*** Data block ***

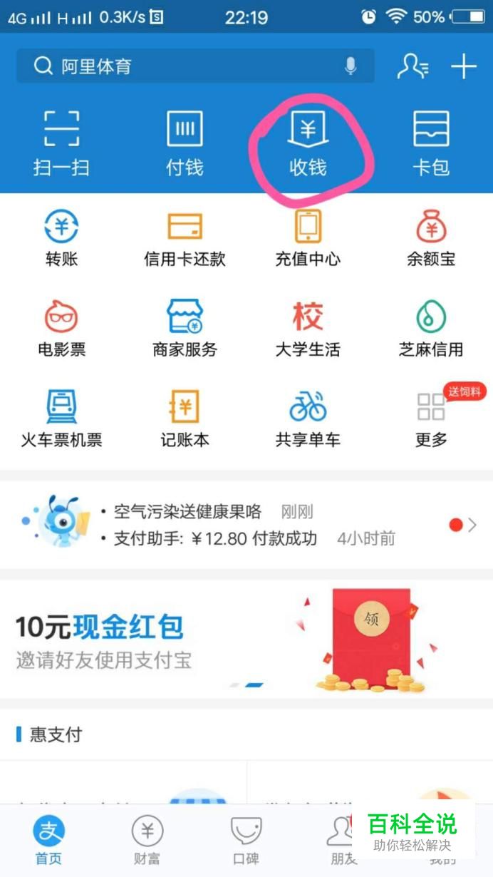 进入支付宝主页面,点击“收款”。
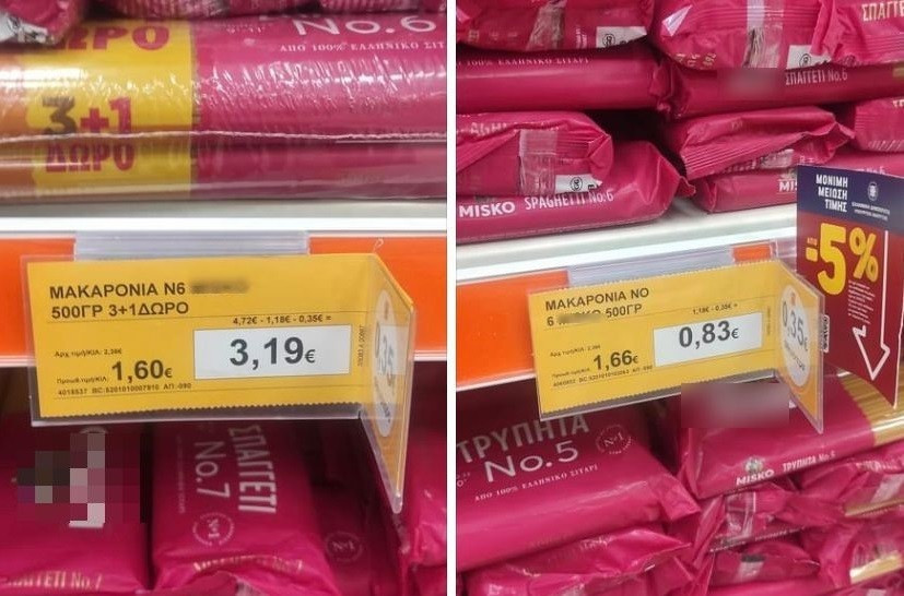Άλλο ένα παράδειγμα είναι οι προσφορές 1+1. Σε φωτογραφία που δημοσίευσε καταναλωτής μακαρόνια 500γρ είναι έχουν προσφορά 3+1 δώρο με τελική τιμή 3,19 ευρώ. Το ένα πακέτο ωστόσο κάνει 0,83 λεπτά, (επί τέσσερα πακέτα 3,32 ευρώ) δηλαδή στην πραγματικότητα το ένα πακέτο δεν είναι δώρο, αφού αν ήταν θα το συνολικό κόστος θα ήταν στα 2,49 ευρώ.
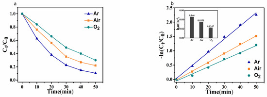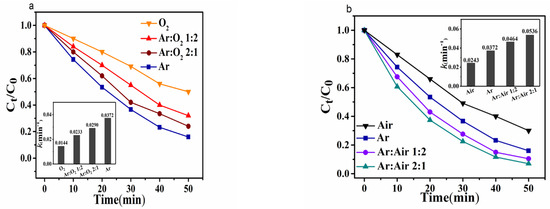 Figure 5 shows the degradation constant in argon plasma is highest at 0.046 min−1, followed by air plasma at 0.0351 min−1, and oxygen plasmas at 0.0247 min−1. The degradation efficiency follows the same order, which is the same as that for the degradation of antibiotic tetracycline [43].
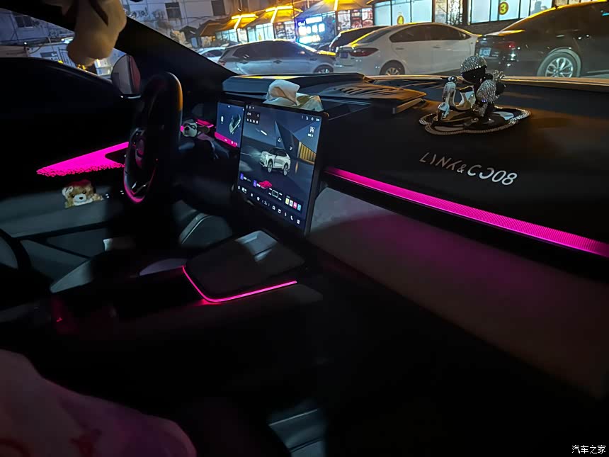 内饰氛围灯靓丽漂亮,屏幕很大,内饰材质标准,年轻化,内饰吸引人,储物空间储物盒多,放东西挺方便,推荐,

*** End of Data block ***

__About this exercise__:
The expected output is the full data above, reproduced exactly with no images.

__Output for this task__:
 进入支付宝主页面,点击“收款”。
Άλλο ένα παράδειγμα είναι οι προσφορές 1+1. Σε φωτογραφία που δημοσίευσε καταναλωτής μακαρόνια 500γρ είναι έχουν προσφορά 3+1 δώρο με τελική τιμή 3,19 ευρώ. Το ένα πακέτο ωστόσο κάνει 0,83 λεπτά, (επί τέσσερα πακέτα 3,32 ευρώ) δηλαδή στην πραγματικότητα το ένα πακέτο δεν είναι δώρο, αφού αν ήταν θα το συνολικό κόστος θα ήταν στα 2,49 ευρώ.
 Figure 5 shows the degradation constant in argon plasma is highest at 0.046 min−1, followed by air plasma at 0.0351 min−1, and oxygen plasmas at 0.0247 min−1. The degradation efficiency follows the same order, which is the same as that for the degradation of antibiotic tetracycline [43].
 内饰氛围灯靓丽漂亮,屏幕很大,内饰材质标准,年轻化,内饰吸引人,储物空间储物盒多,放东西挺方便,推荐,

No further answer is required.